1631990 - Additional filters for mach try task blacklist to filter tasks unless --full is specified

Edwin Takahashi (:egao | infrequent contributor)

Assignee

Description

•

4 years ago

I am proposing to insert additional filters into the blacklist that is applied to mach try pushes, as implemented in Bug 1630350 and Bug 1627340.

For the most part, these tasks must intentionally be chosen for mach try fuzzy.
However, if a user pushes with mach try chooser + select all, or mach try syntax + -b do, these tasks are inadvertently scheduled quite easily.

Since in Bug 1630350 it was intentionally made such that mach try syntax does not have a --full option to bypass filtering, this means users intending to run tasks filtered by the blacklist would be directed to use the alternatives.

Proposed list:

build.*aarch64.*
build*.gcp.*
build-linux/opt
.*-rusttests
.*valgrind.*

Edwin Takahashi (:egao | infrequent contributor)

Assignee

Comment 1

•

4 years ago

:jmaher, :gbrown - I'd like to hear your thoughts about adding the above list (and possibly more) to the task filter blacklist to be applied by default to the mach selectors.

I was particularly annoyed that selecting syntax -b do -p all would schedule builds for all those items, including the ones we have restricted from running like linux32.

I suspect if I run -u all I would see a lot of unittests get scheduled, which may be fine additions to the list.

Flags: needinfo?(jmaher)

Flags: needinfo?(gbrown)

Joel Maher ( :jmaher ) (UTC -8)

Comment 2

•

4 years ago

I think this is a great idea. A lot of these are things that we are already looking at restricting to every 10th push or as tier-2, so this is right in line. Also the plain builds might be good to add, same with mingw32 :)

Flags: needinfo?(jmaher)

Edwin Takahashi (:egao | infrequent contributor)

Assignee

Comment 3

•

4 years ago

Attached file Bug 1631990 - additional filters on mach try selectors — Details

Changes:

Add more filters to be applied by default to all mach try selectors.
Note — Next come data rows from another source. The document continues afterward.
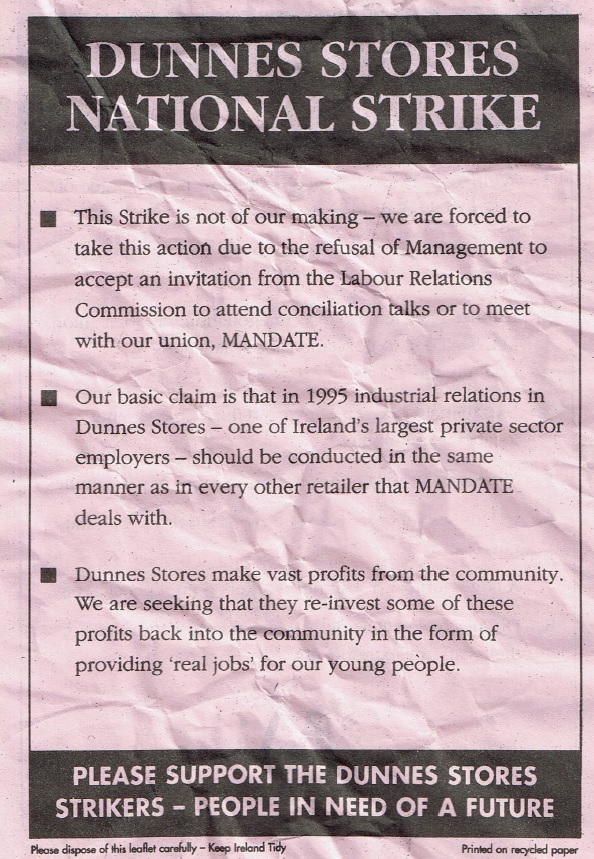 From 1995 a “Dunnes Stores National Strike” leaflet produced by the Trade Union Mandate. Interesting to see ‘Zero Hour Contracts” being an issue back then.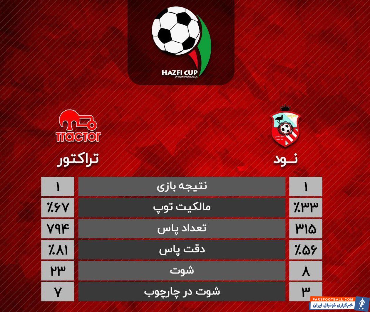 گفتنی است؛ شاگردان دنیزلی در بازی دیروز ۲۳ شوت و بازیکنان نود ۸ شوت زدند که ۷ شوت تراکتوریها و ۳ شوت حریف داخل چارچوب بود.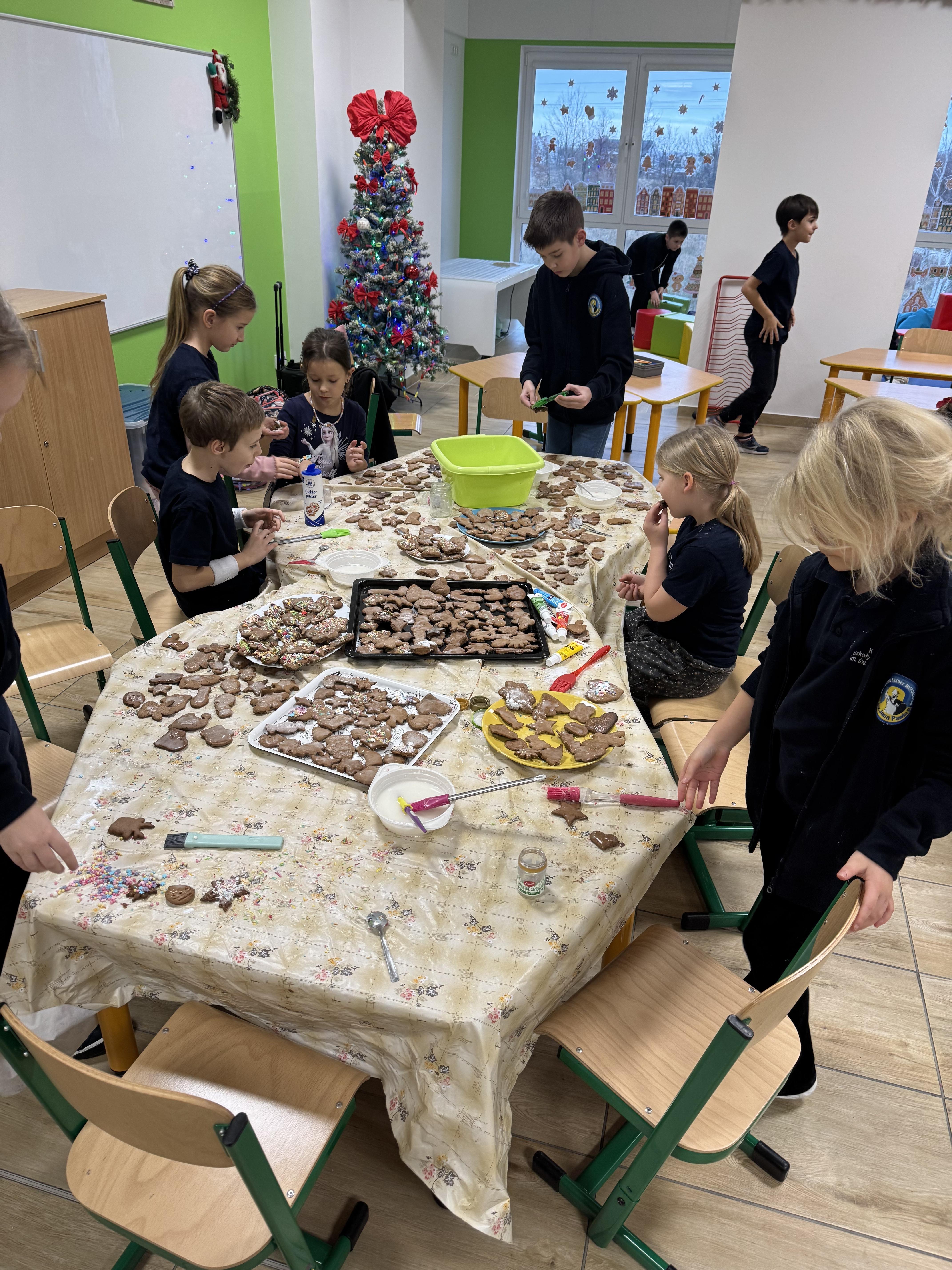 Uczniowie wychodzili do domu bardzo zadowoleni. Drugiego dnia dzieci zajęły się lukrowaniem i dekorowaniem posypkami pierniczków.
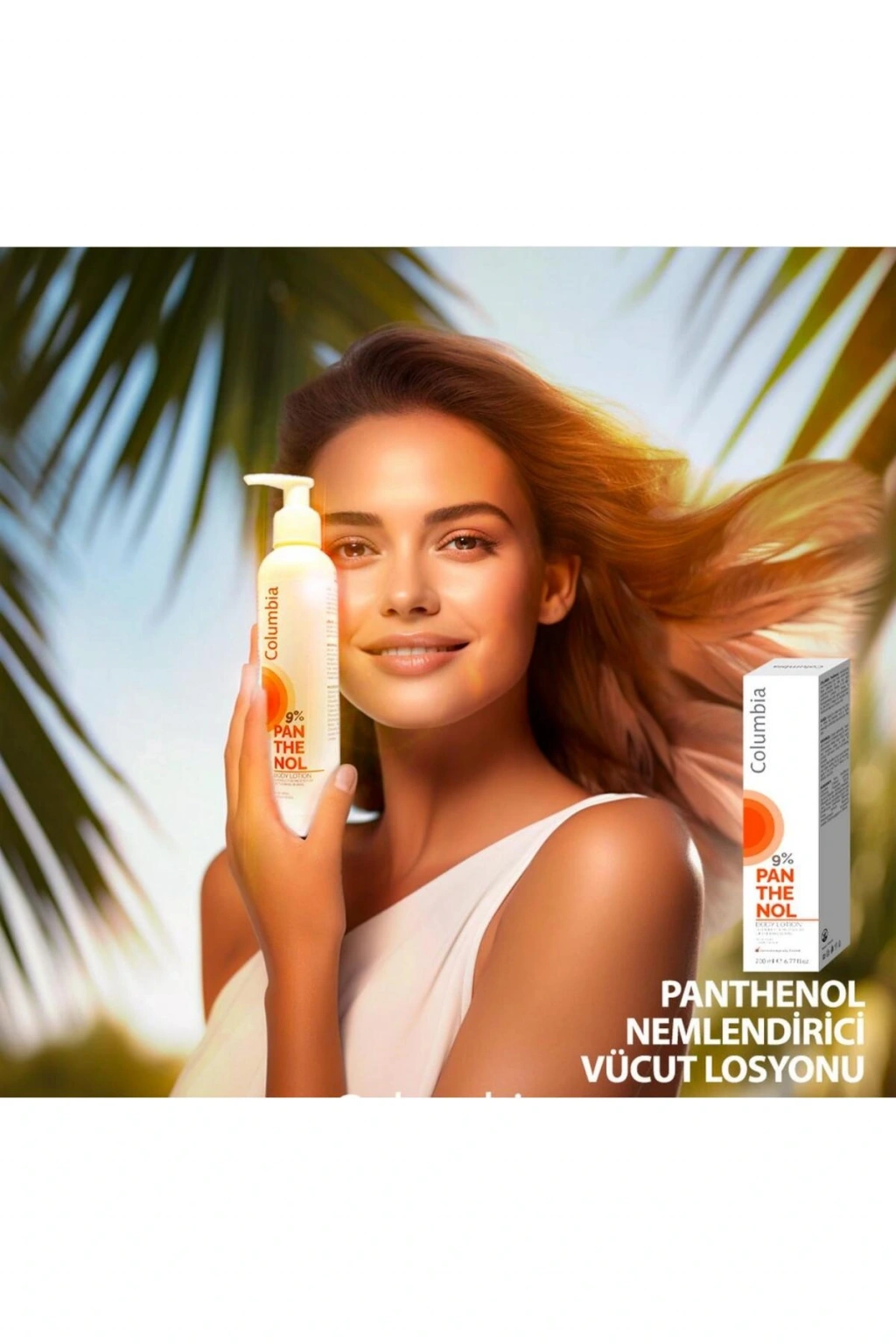 COLUMBIA Panthenol, güneşten ve dış etkenlerden etkilenmiş cildinizi içeriğindeki yüksek oranda panthenol sayesinde cildinizi nemlendirir ve besler; Cilt tarafından homojen ve hızlı bir emilim gösterir; Cildinizin nem oranı dengesini korumaya yardımcı olur; KULLANIM ŞEKLİ:Her cilt tipine uygundur; Temiz ve kuru cilde ihtiyaç duyulan sıklıkta, cilt tarafından tam emilim sağlanıncaya kadar hafif masajla uygulayınız; UYARILAR:Haricen kullanılır; Çocukların ulaşamayacağı yerde ve oda sıcaklığında muhafaza ediniz; Gözler ve hassas bölgelerden uzak tutunuz; Gözle teması halinde bol su ile yıkayınız; Kullanmadan önce bileğinizin iç kısmında test ediniz, 10; 15 dk; bekledikten sonra herhangi bir alerjik reaksiyon olmaması halinde yüzünüze uygulayınız; ÇİNDEKİLER:Aqua, Paraffinium Liquidum, Cetearyl alcohol, Panthenol, Propylene Glycol, Glyceryl Stearate, Isoproyl Myristate, Ceteareth; 20, Aloe Barbadensis Leaf Juice, Prunus Amygdalus Dulcis Oil, Dimethicone, Calendula Officinalis Flower Extract, Allantoin, Phenoxyethanol, Tocopheryl Acetate, Ethylhexylglycerin, Parfum; COLUMBIA Panthenol moisturizes and nourishes your skin, which has been affected by the sun and external factors, thanks to its high panthenol content; It shows a homogeneous and rapid absorption by the skin; It helps to maintain the moisture balance of your skin; USAGE:Apply to clean and dry skin as often as needed, with a light massage until fully absorbed by the skin; WARNINGS:Used externally; Keep out of reach of children and at room temperature; Keep away from eyes and sensitive areas; In case of contact with eyes, rinse with plenty of water; Test on the inside of your wrist before use; After waiting for 10; 15 minutes, apply it on your face if there is no allergic reaction; INGREDIENTS:Aqua, Paraffinium Liquidum, Cetearyl alcohol, Panthenol, Propylene Glycol, Glyceryl Stearate, Isoproyl Myristate, Ceteareth; 20, Aloe Barbadensis Leaf Juice, Prunus Amygdalus Dulcis Oil, Dimethicone, Calendula Officinalis Flower Extract, Allantoin, Phenoxyethanol, Tocopheryl Acetate, Ethylhexylglycerin;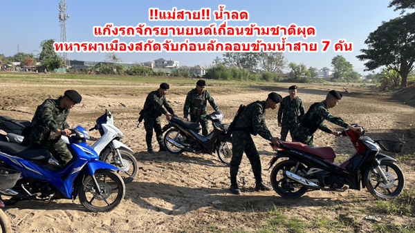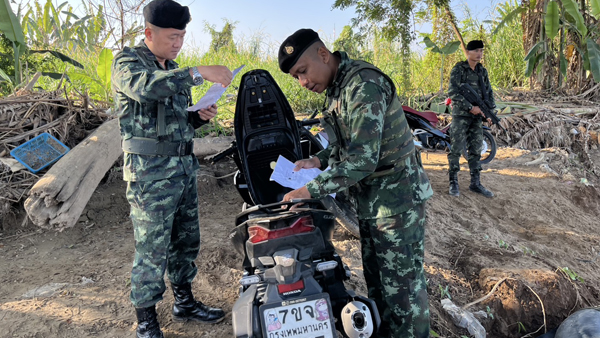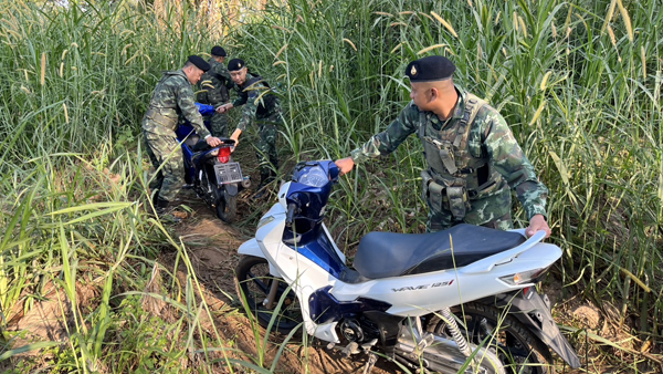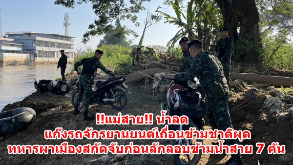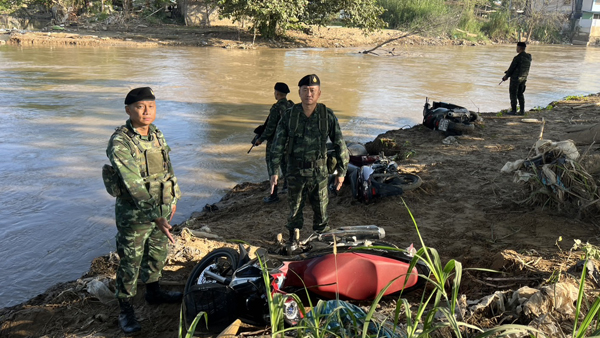 เมื่อวันที่ 3 พ.ย.ที่ผ่านมา เจ้าหน้าที่ทหาร ร้อย ม.3 ฉก.ทัพเจ้าตาก กองกำลังผาเมือง ได้นำกำลังพลออกลาดตระเวนตามแนวชายแดนไทย-เมียนมา ด้านหมู่บ้านสันผักฮี้ หมู่ 3 ต.แม่สาย อ.แม่สาย จ.เชียงราย บริเวณใกล้ๆ กับสะพานข้ามลำน้ำสายแห่งที่ 2 ซึ่งช่วงนี้ระดับน้ำได้ลดลงสู่ภาวะปกติแล้วหลังน้ำท่วมใหญ่เมื่อเดือน ก.ย.2567 ที่ผานมา ปรากฎว่าเมื่อเจ้าหน้าที่ออกตรวจลาดตระเวนไปถึงริมฝั่งที่่มีป่าละเมาะอยู่ได้พบกลุ่มคนจำนวนประมาณ 12-15 คน กำลังพากันจูงลำเลียงรถจักรยานยนต์หลายคันอยู่ในฝั่งไทยและกำลังไปยังริมฝั่งลำน้ำสายซึ่งเป็นเขตเส้นทางยุทธศาสตร์แนวชายแดนในการจะลักลอบส่งออกไปยังประเทศเมียนมา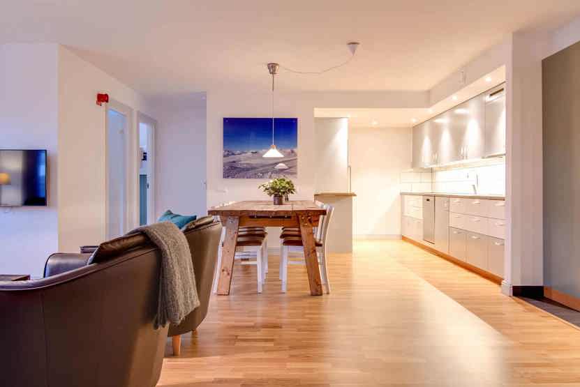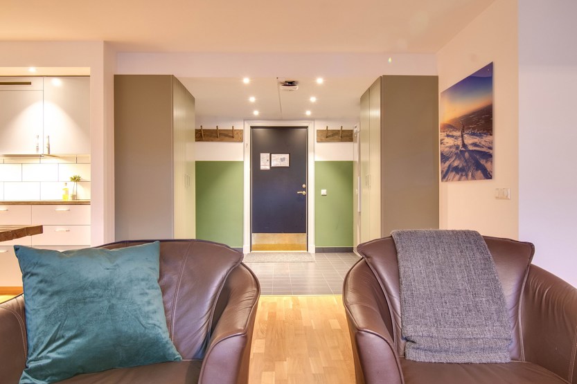 vaskemaskine, tørreskab, balkon (der skovles ikke sne), skiopbevaring, med en fælles indgang, elevator findes i huset, 2 parkeringspladser.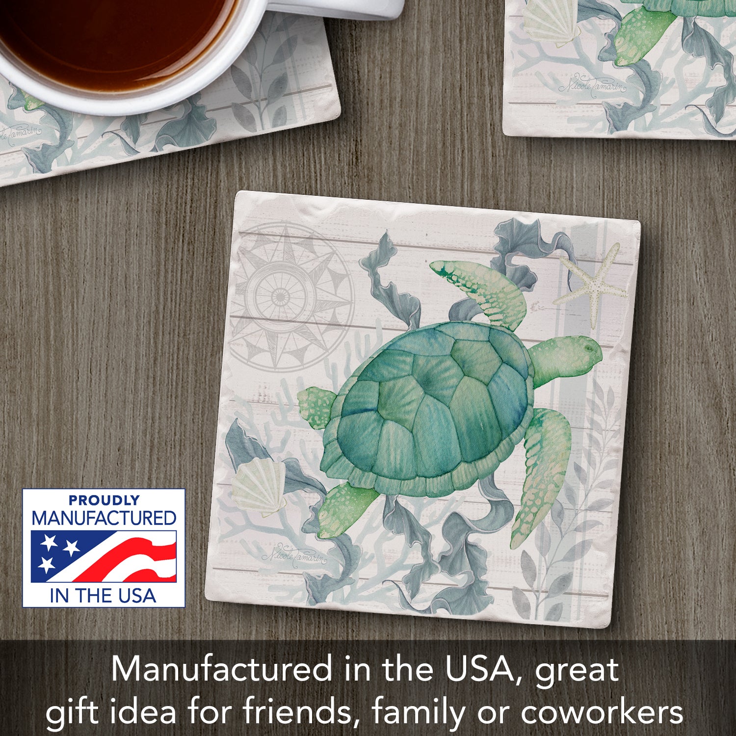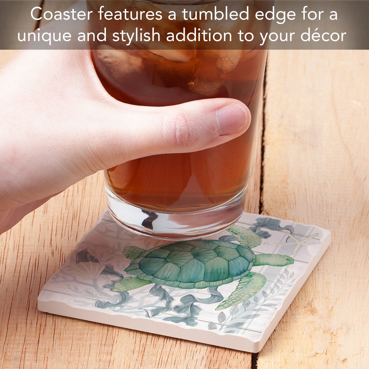 Thirstystone Beach Therapy Turtle Single Tumbled Tile Stone Coaster with Protective Cork Backing Manufactured in The USA 4" Square, Colorful, Artistic, Easily Wipes Clean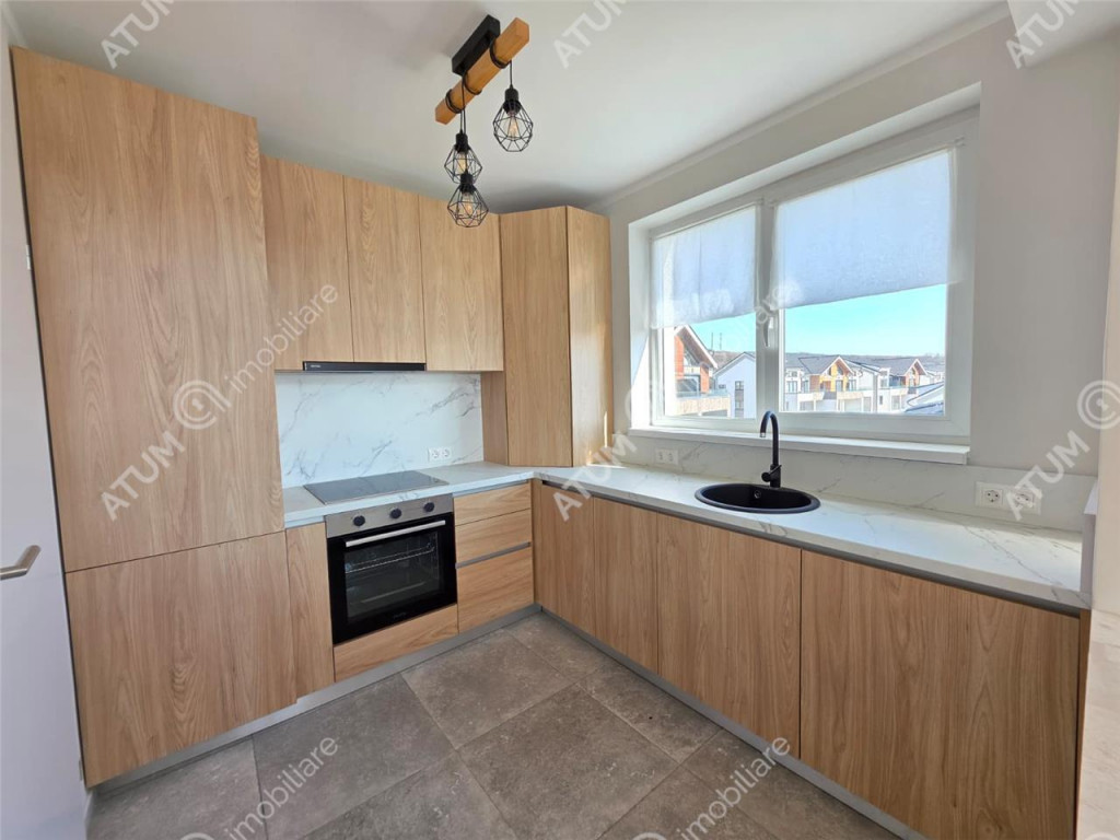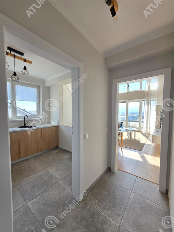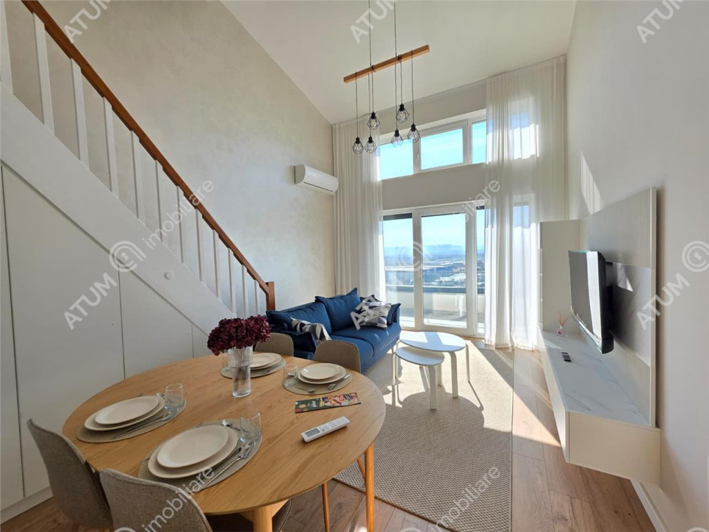 De vanzare in zona Industriala Vest penthouse cu 3 camere decomandate, 2 bai si terasa, orientat catre sud, pozitionat la etajul 2 din 2 al unui bloc tip vila compus din Parter 2Etaje si doar 2 apartamente pe nivel, ce dispune de locuri proprii de parcare, acces securizat, izolatie exterioara si acoperis din tigla. Apartamentul are suprafata utila de 88.5 mp si este compartimentat astfel: La primul nivel regasim un living de 18.4 mp, un dormitor matrimonial de 13 mp, bucatari aproximativ 7 mp, hol generos de 10.5 m, si baie dotata cu cada de 4.7 mp, iar la al doilea nivel intalnim un hol de 1.5 mp, dormitor de 19.5 mp cu dressign de 10.6 mp si baie proprie de 3.3 mp. Separat de suprafata utila, acesta mai beneficiaza si de o Terasa de 7 mp. Apartamentul dispune de multiple spatii pentru depozitare mascate si incorporate. Pe hol se afla un cuier si un spatiu generos pentru depozitare, ambele incastrate in perete. Amenajarile interioare au fost facute in anul 2025, imediat dupa finalizarea constructiei vilei, parchet de 10 mm, usi interioare de lemn, obiecte sanitare, zugraveli in lavabila alba si culori neutre. Penthouse-ul este complet mobilat si utilat cu mobilier de calitate facut pe comanda din MDF si electrocasnice incorporate ( cuptor electric, plita electrica, hota, masina de spalat vase, frigider, masina de spalat rufe, televizoare ). Locuinta dispune de dotari moderne precum usa metalica de acces antiefractie placata cu panou MDF, centrala termica proprie pe gaz cu termostat wireless si incalzire in pardoseala pe ambele nivele, tamplarie PVC cu geam termopan cu 5 camere si 3 foi la nivelul superior geamuri de tip Velux, instalatie electrica din cupru trasa prin coperx cu tablou general si sigurante pentru consumatorii de putere. Inaltimea apartamentului este de 5.6 m. Parcarea se face pe locul propriu amenajat locuintei. Apartamentul este situat intr-o zona cu acces rapid catre centrul orasului Sibiu, oferind icirc;n acelasi timp o priveliste incantatoare asupra imprejurimilor. Valoarea de achizitie este de 181.000 euro TVA inclus, putand fi achizitionat si prin intermediul unui credit bancar. ID intern: 3353.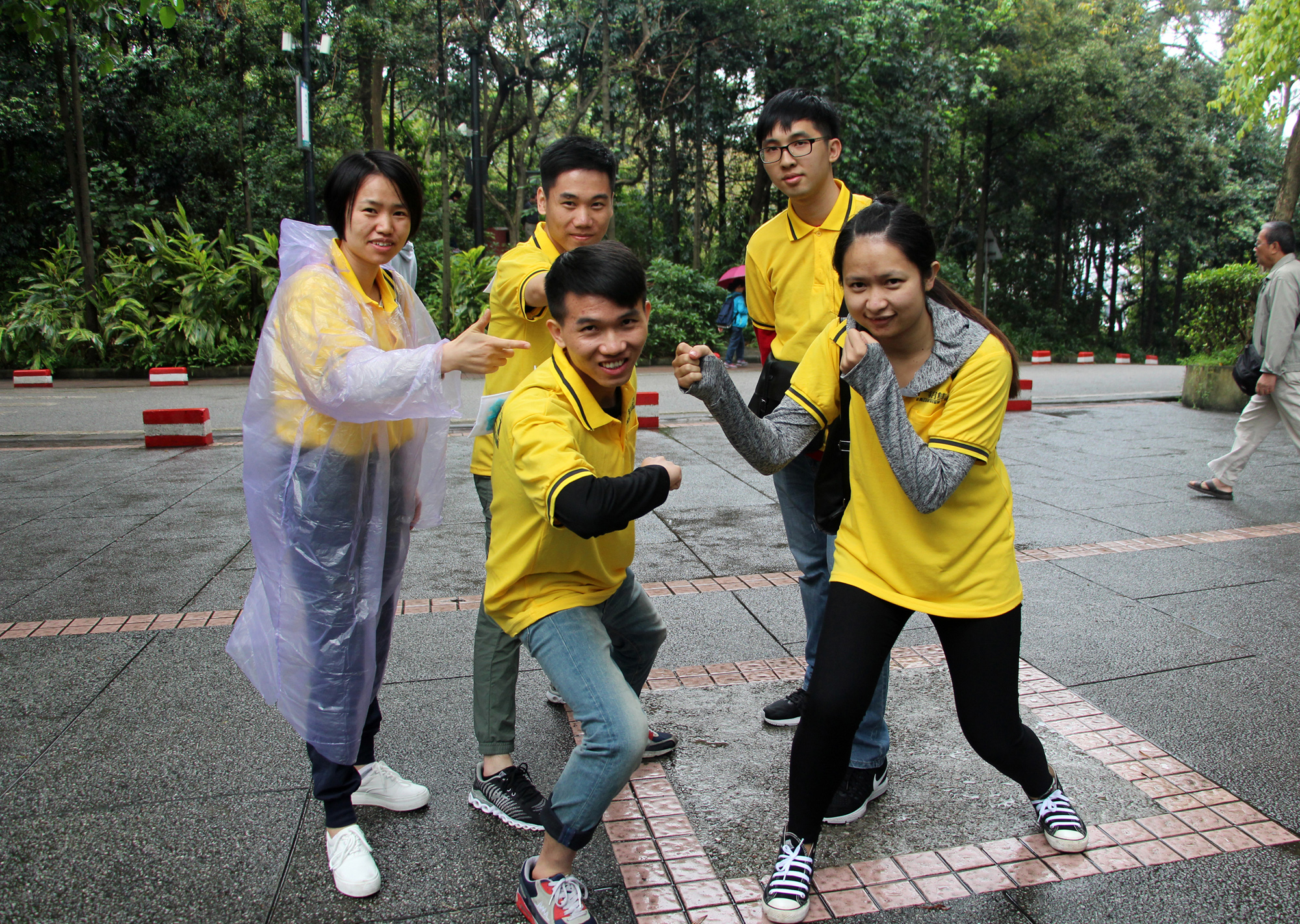 9點(diǎn)整,白云山腳下出現(xiàn)了一道亮黃色的特別風(fēng)景,雖然天突降大雨,但仍澆不滅大家的熱情。

In order to access tasks hidden by the filters, please use --full with fuzzy/chooser selectors.

Phabricator Automation

Updated

•

4 years ago

Assignee: nobody → egao

Status: NEW → ASSIGNED

Phabricator Automation

Updated

•

4 years ago

Attachment #9142621 - Attachment description: Bug 1631990 - additional filters for mach try syntax → Bug 1631990 - additional filters on mach try selectors

Geoff Brown [:gbrown]

Comment 4

•

4 years ago

From a task efficiency / cost reduction perspective, this looks great.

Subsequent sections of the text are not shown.